Willamette rejects Israel boycott, denies being Institutional Member of American Studies Assoc

Update: Hamilton also denies being Institutional Member // Update No. 2: Northwestern denies being Institutional Member too

Willamette University joins an increasing number of universities rejecting the anti-Israel academic boycott, but in a twist, denies having any knowledge as to why ASA lists it as an Institutional Member.

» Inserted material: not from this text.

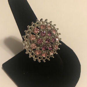 Purple & Pink Rhinestone Ring Filigree design Adjustable band Face: 1 1/4" diameter Great Condition!
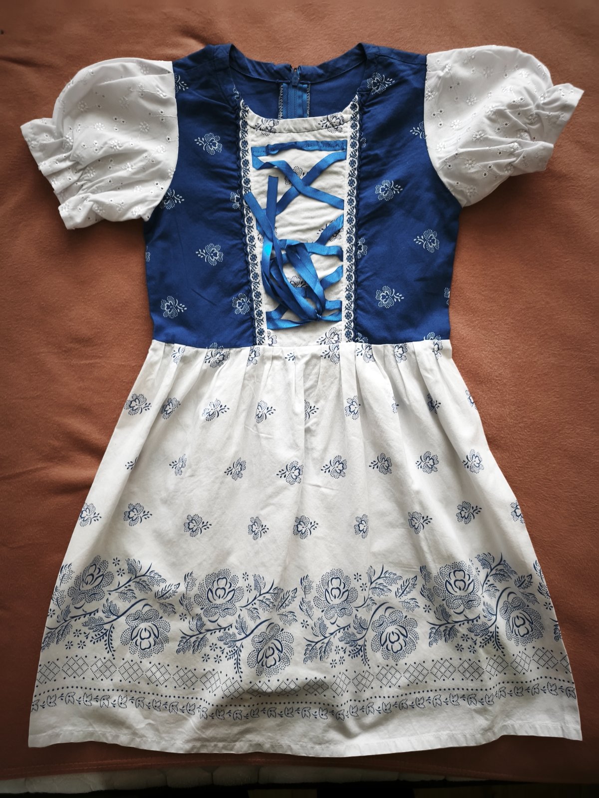 Krásne dievčenské šaty, len vyprane a vyskúšané. Nemajú žiadne poškodenia, sú úplne nové, len som kvôli praniu odstrihla vysacku. Zapínanie na zips, vhodné aj pre baculatejsie dievčatko.

The ASA considers Institutional Memberships to be important indicators of university support which is why it highlights the list:

Institutional members help to insure the continuity, development, and enhanced usefulness of a dynamic, professional, scholarly organization dedicated to broadening and intensifying the study of American life and civilization. They help to promote interdisciplinary activity and programs, working toward the lowering of rigid barriers of approach and technique, and the cooperation of scholars in various disciplines in a vital, international field of study. Institutional members also help to stimulate intellectual and professional activity among their own faculty.

We depend on institutional dues to carry on many of our current activities and to develop new programs and services.

Willamette University is listed as one of the Insitutional Members of ASA in the ASA Quartely and Annual Meeting materials.

Stephen Thorsett, President of Willamette University, communicating with a Legal Insurrection reader, rejected the boycott and indicated that Willamette was unaware of its Institutional Membership.  Here is the exchange, in part (emphasis added):

Before diving into the substance of your concerns, let me first report that I don’t think we are an “institutional member” of this organization in any real sense. I have asked our financial folks, who say that we last reimbursed a faculty member for an individual membership in 2005. (We’ve only checked credit card reimbursements back to 2011.) We do have a faculty member serving on the board of an encyclopedia project at JHU Press that is sponsored by ASA, but so far I’ve turned up no other relationships. Your email was surprising to me, since as an institution we don’t, as a general practice, join external scholarly disciplinary associations, except in certain partnership situations (e.g., groups like the Organization for Tropical Studies, with its support of collaborative research in remote locations, come to mind). Most likely our library subscribes to their journal(s); perhaps that is the source of the confusion? ….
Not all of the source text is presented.